Pages

Tuesday, July 4, 2017

Laundry Hacks

Are you trying to cut back on your budget? Do you cringe when you use heavily scented chemical soaps to clean your family's dirty laundry?

You could go to the river and pound your clothes on the rocks, right? But maybe a river isn't nearby. Or maybe it's frozen. Mostly, you probably don't really want to do that. It isn't practical in USA culture.

Okay, here's a better plan. Make your own laundry soap for about $2 using this recipe.

1 bar of Fels Naptha soap

1 cup washing soda


1 cup Borax

5 gallon bucket
(I can find all these soaps at Wal-Mart.)

Shred the bar of soap. Pour 4 cups of hot tap water into a kettle. Add the shredded soap.

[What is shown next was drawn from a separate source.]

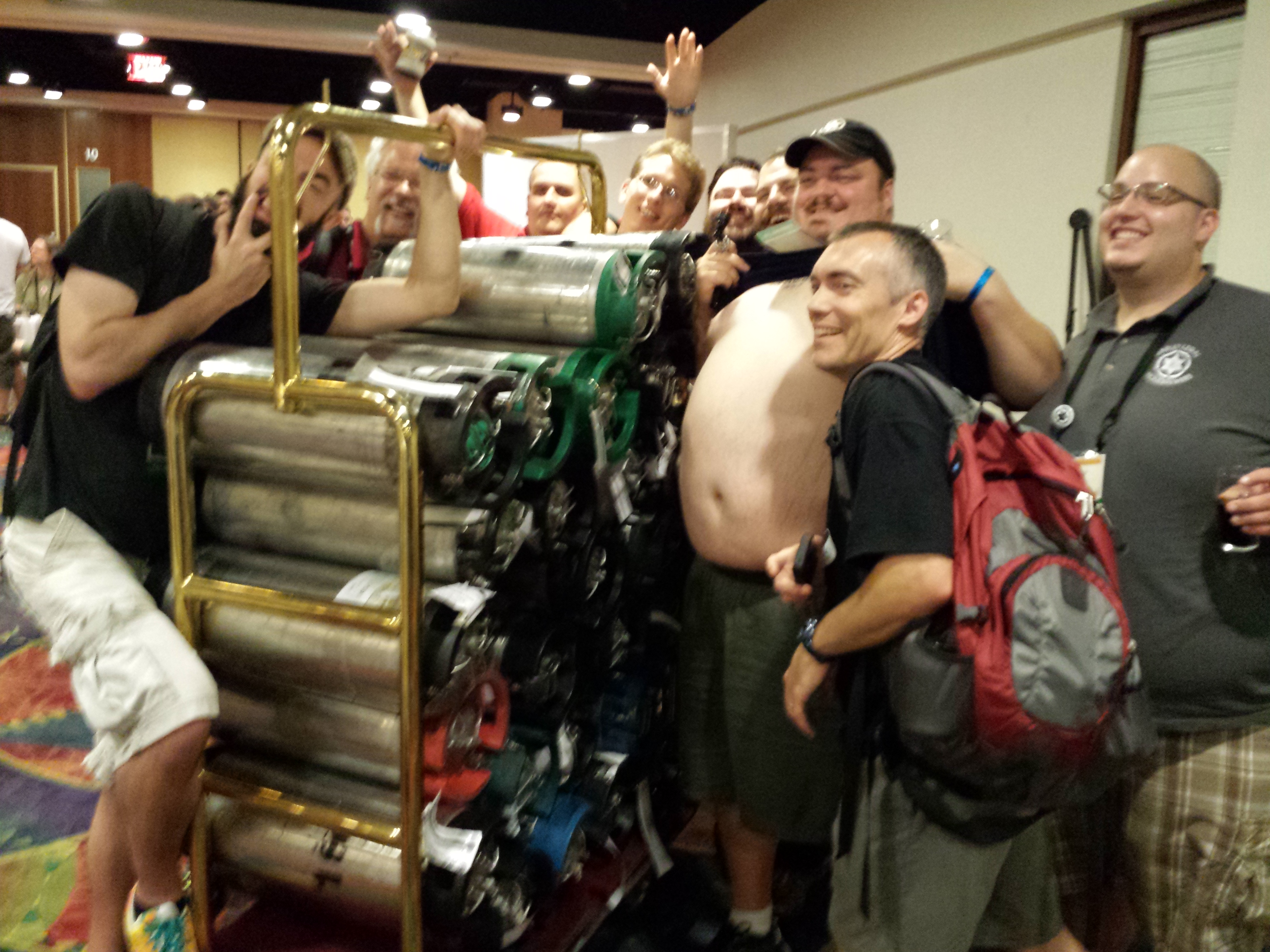 all the kegs loaded up to be taken from club night. Evan really get into the spirit of the celebration.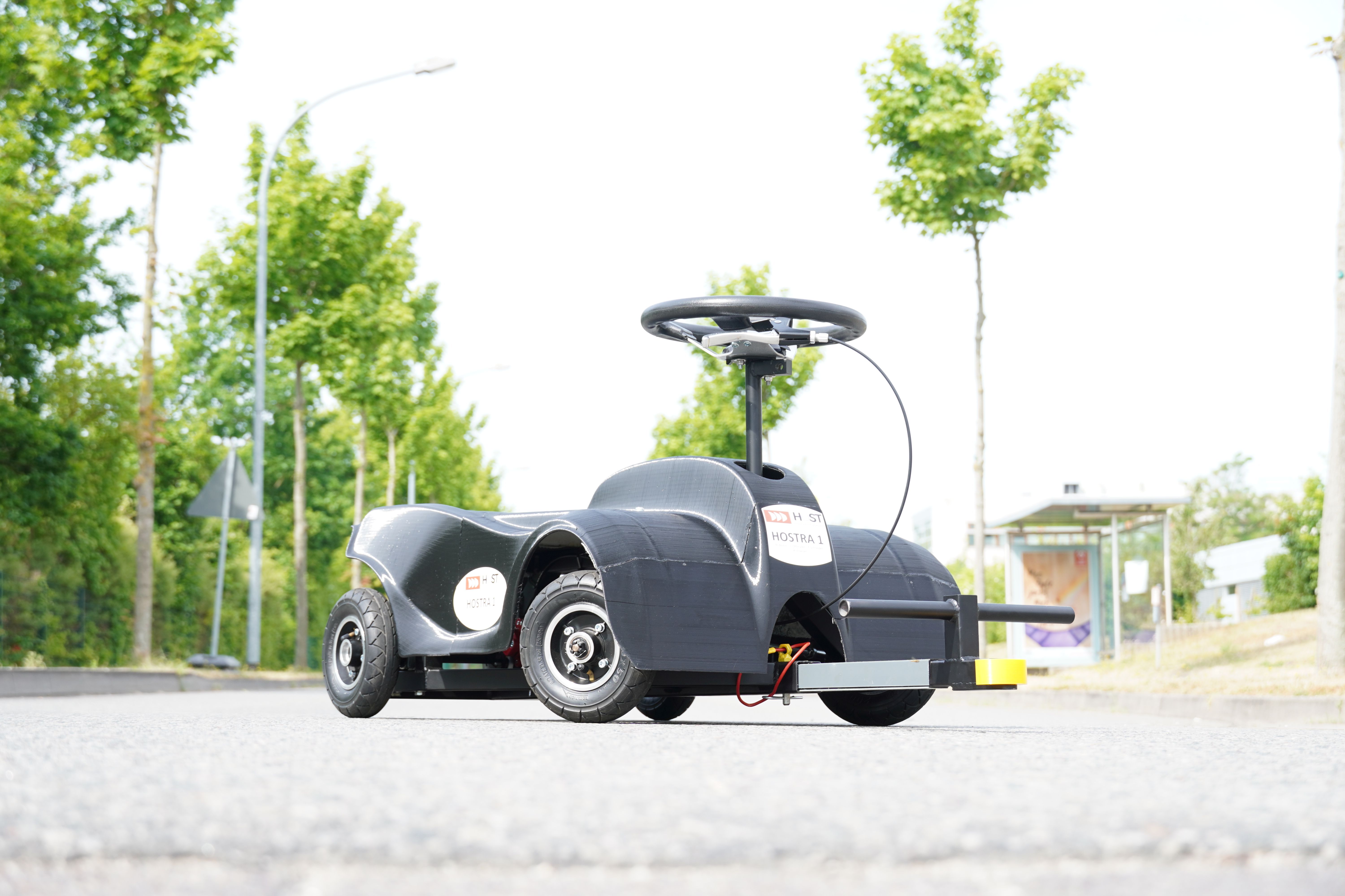 Mit 50 Kilometer pro Stunde, noch gut abbremsbar im Sommerbob bergab die asphaltierte Grindelwald-Strecke in der Schweiz bezwingen – Für diese Anforderungen haben drei Maschinenbau-Studierende ein Rutschauto für Erwachsene konstruiert und gebaut. Den Rahmen dafür bot ihnen im fünften Studiensemester der Kurs 3D-CAD I – Konstruktionssystematik. „Für diesen Kurs schreibe ich Projekte aus, die ich bei Firmen und Kolleg*innen angefragt habe, die die Studierenden dann fachspezifisch erarbeiten“, erklärt Kursleiter Sven Klimaschewski. Das Grindelwald-Rutschauto-Projekt ist eines von gut zehn Projekten gewesen, aus denen die rund 25 Studierenden im Wahlpflichtmodul auswählen konnten. „Wir fanden das direkt ziemlich interessant, ein Projekt, das man auch privat angehen wollen würde“, ordnet Julius Ottmüller ein, der zusammen mit seinen Kommilitonen Timo Schneider und Nils Blohm ein Team bildete. „Zunächst haben sie das Projekt nur auf Papier bearbeitet, immer im Gespräch mit dem Auftraggeber“, erklärt Sven Klimaschewski, „das ist unsere Intention, dass die Studierenden in Firmen reinschnuppern, reale Anforderungen und Hürden kennenlernen“. In diesem Fall trafen seine Studierenden auf keine klassische Firma, sondern auf den Extremsportler Alex Elsässer aus der Schweiz. Die zunächst theoretische Mission: Ein antriebsloses Fahrzeug konstruieren, mit dem er die Grindelwald-Strecke runterheizen könnte – als saisonale Sport-Alternative für Extremrodler*innen, aber auch ausgelegt als potenzielles Freizeitsportgerät für Familien, das an Verleihstationen rausgegeben werden könnte. Der Rollenrodelsport hat Nachwuchsprobleme. Die Idee von Alex Elsässer war, sich über das bekannte Modell aus Fürth – also über ein gewohntes Konzept von Lenkrad und Bremse - an den Sport ranzutasten. „Das Fahrzeug sollte ein Spagat sein zwischen Freizeit- und Sportgerät“, sagt Maschinenbau-Student Timo Schneider.

Heat over medium heat, stirring all the while until the soap is dissolved. Then stir a bit longer to make sure it's dissolved entirely. Remove from the heat.

Fill a five gallon bucket with cold tap water. Add the soap mixture, washing soda and Borax. Stir until powders are dissolved. Fill the bucket the rest of the way with hot tap water. (I use all cold water because my hot tap water stinks like rotten eggs. But the recipe I followed said to use hot water, so whatever works for you should be okay.)

(The first recipe I linked is just that- the recipe. The second link takes you to a detailed step-by-step-with-pictures process. I also don't use the exact same recipe, as you may notice.)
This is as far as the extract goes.